SOURCE MATERIAL Block Start

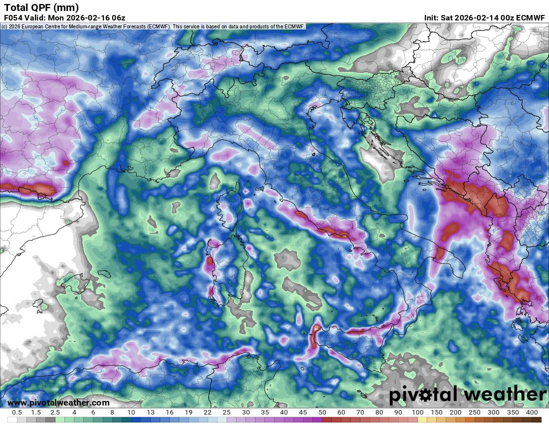 Nel pomeriggio precipitazioni diffuse su Emilia Romagna, Veneziano, Triestino, Appennino settentrionale, Campania e Calabria tirrenica settentrionale, sparse su Veneto, Friuli Venezia Giulia, Sicilia occidentale, Appennno centro meridionale, Sardegna occidentale e Puglia meridionale, locali su Toscana e Sardegna occidentale, variabile altrove. Quota neve sulle Alpi attorno a 900/1200 metri su Appennino centro settentrionale attorno a 1200/1600 metri.
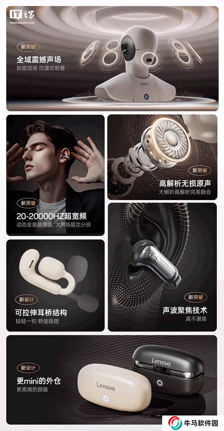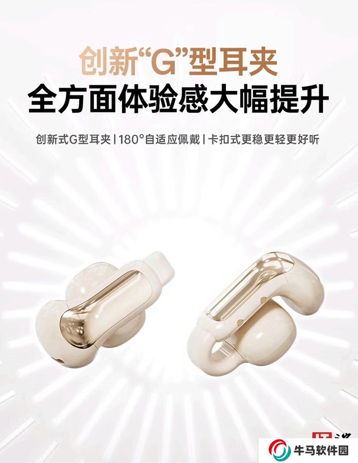 這款耳機(jī)采用 G 型耳夾設(shè)計(jì),號(hào)稱(chēng)擁有沉浸式全景音聲場(chǎng),耳橋結(jié)構(gòu)支持拉伸,可貼合耳形降低漏音。
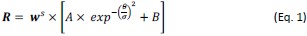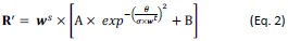 To account for the OD-dependent changes of orientation tuning bandwidths under CFS, a w-dependent inhibition factor wt was introduced, which scaled the σ of the tuning functions, changing the monocular tunings R into R’:

SOURCE MATERIAL Block End

Print every line of the material above exactly as it reads, skipping the pictures.

 Nel pomeriggio precipitazioni diffuse su Emilia Romagna, Veneziano, Triestino, Appennino settentrionale, Campania e Calabria tirrenica settentrionale, sparse su Veneto, Friuli Venezia Giulia, Sicilia occidentale, Appennno centro meridionale, Sardegna occidentale e Puglia meridionale, locali su Toscana e Sardegna occidentale, variabile altrove. Quota neve sulle Alpi attorno a 900/1200 metri su Appennino centro settentrionale attorno a 1200/1600 metri.
 這款耳機(jī)采用 G 型耳夾設(shè)計(jì),號(hào)稱(chēng)擁有沉浸式全景音聲場(chǎng),耳橋結(jié)構(gòu)支持拉伸,可貼合耳形降低漏音。
 To account for the OD-dependent changes of orientation tuning bandwidths under CFS, a w-dependent inhibition factor wt was introduced, which scaled the σ of the tuning functions, changing the monocular tunings R into R’:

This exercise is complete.